A benefit cheat, who created a bogus landlord to claim £48,000 while renting out another property she owned, was jailed for a year today.
Clarissa Ihenacho, 55, claimed her matrimonial home was owned by the Family Education Helpline, but she had created the organisation and its HQ was a house she owned in a neighbouring borough.
"The defendant set out to defraud the state and when she was caught she told lie after lie after lie," said Croydon Crown Court Recorder Andrew Campbell-Tiech QC. "She forged documents to show she paid rent on a house she owned."
The court (pictured) heard the Nigerian mother-of-five also falsely claimed to have a phd from Paris's Sorbonne - insisting she should be addressed as 'Dr. Ihenacho' - and even appealed against the decision to suspend her claim when the fraud was exposed.
She was convicted of five counts of dishonestly making a false statements between June 27, 2005 and July 18, 2008 in relation to a housing and council tax benefit claim for Pemdevon Road, West Croydon.
She was also convicted of furnishing false documentation on or before June 27, 2005 and two counts of falsely representing between September 1, 2006 and September 6, 2009 she owned no property in relation to an income support claim.
Ihenacho resided at the Pemdevon Road address with her husband, whose name was on the property deeds, while renting out an address in Links Road, Tooting, which had been divided into two flats and occupied by more benefit claimants.
"The defendant supplied a false tenancy agreement in her application for housing benefit and furnished false information to back up the lie," said prosecutor Miss Francesca Levett.
"The information named the Family Education Helpline as the landlord when, in fact, her husband was the owner of the property and she had a finical interest in it.
"She also failed to declare a number of bank accounts that would have shown she was receiving rent and income from other sources.
"She claimed to be a tenant even though she knew her husband owned the property.
"The defendant was the Family Education Helpline. She set it up and ran it and was the signatory of the organisation.

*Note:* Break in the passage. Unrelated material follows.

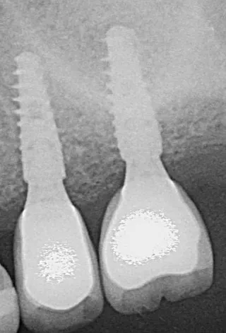 13. The implants were placed 0.5–1 mm subcrestally. Note the thinness of the vestibular cortical bone at the 25 implant on this occlusal view. Despite this, we achieved perfectly acceptable stability values of 19 and 20 Ncm.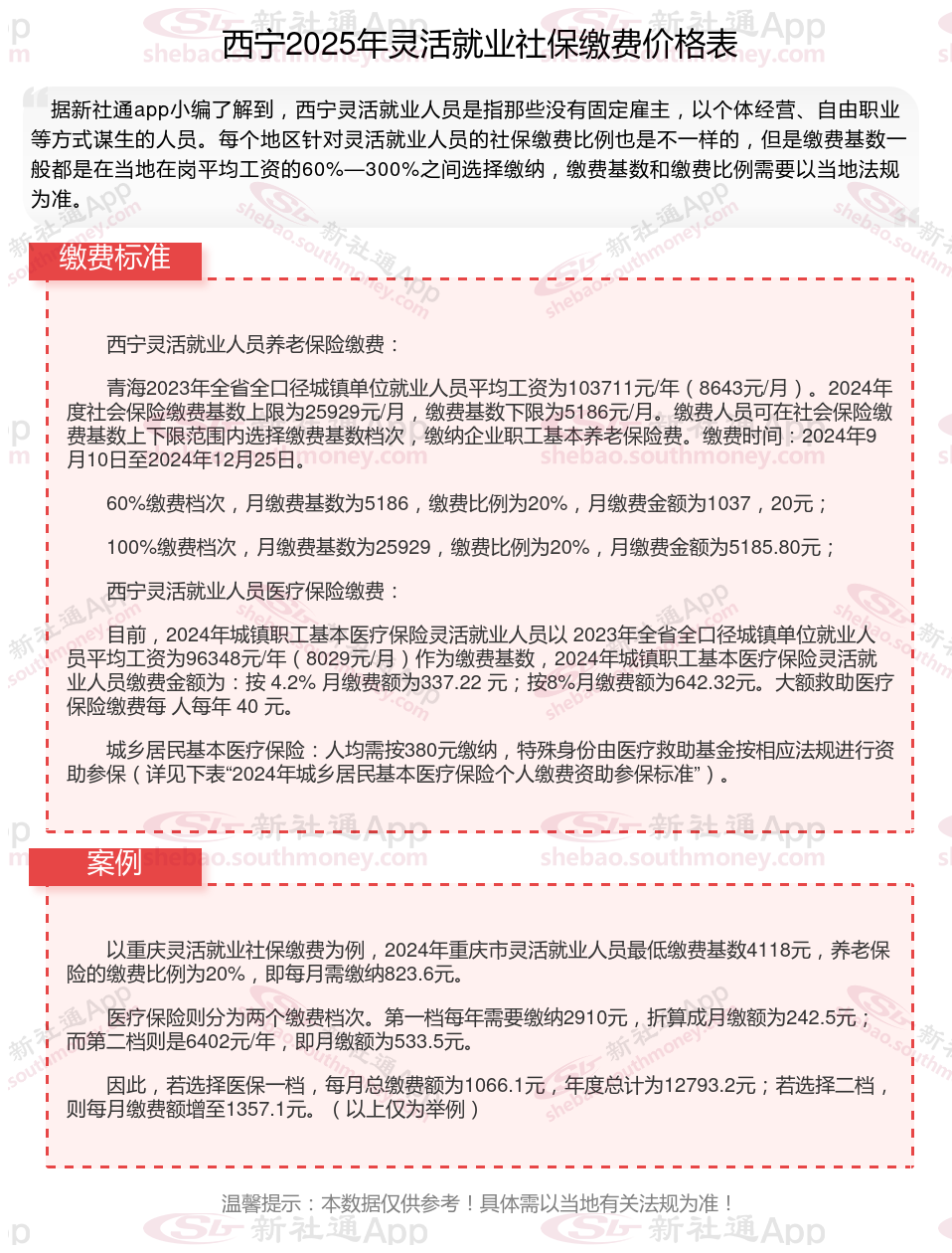 灵活就业社保能抵御疾病、失业、养老等重大风险,避免陷入经济困境。也能享受医保报销、养老金增长等红利。社保是劳动者的法定权利,断缴可能影响购房、落户、子女教育等。接下来随社保君了解一下2025年西宁灵活就业人员社保交多少钱,2025年西宁灵活就业社保缴费标准的详细内容。

"It was run from the Links Road, a property owned by the defendant, and she rented it out even being paid housing benefit directly as the landlord.
"It is a contrived and systematic fraud on a commercial scale aimed at profiting at the taxpayers expense," added Miss Levett.
Ihenacho's children are all university-educated, her daughter is a Cambridge graduate and she received an 'Unsung Woman' award for charitable services to the Nigerian community.
"You made a series of deliberately false and dishonest claims and supported them with fraudulent documentation," Recorder Campbell-Tiech told tearful Ihenacho, who still protests her innocence.
"The proceeds were spent on two mortgages on properties you either owned or had a financial interest in."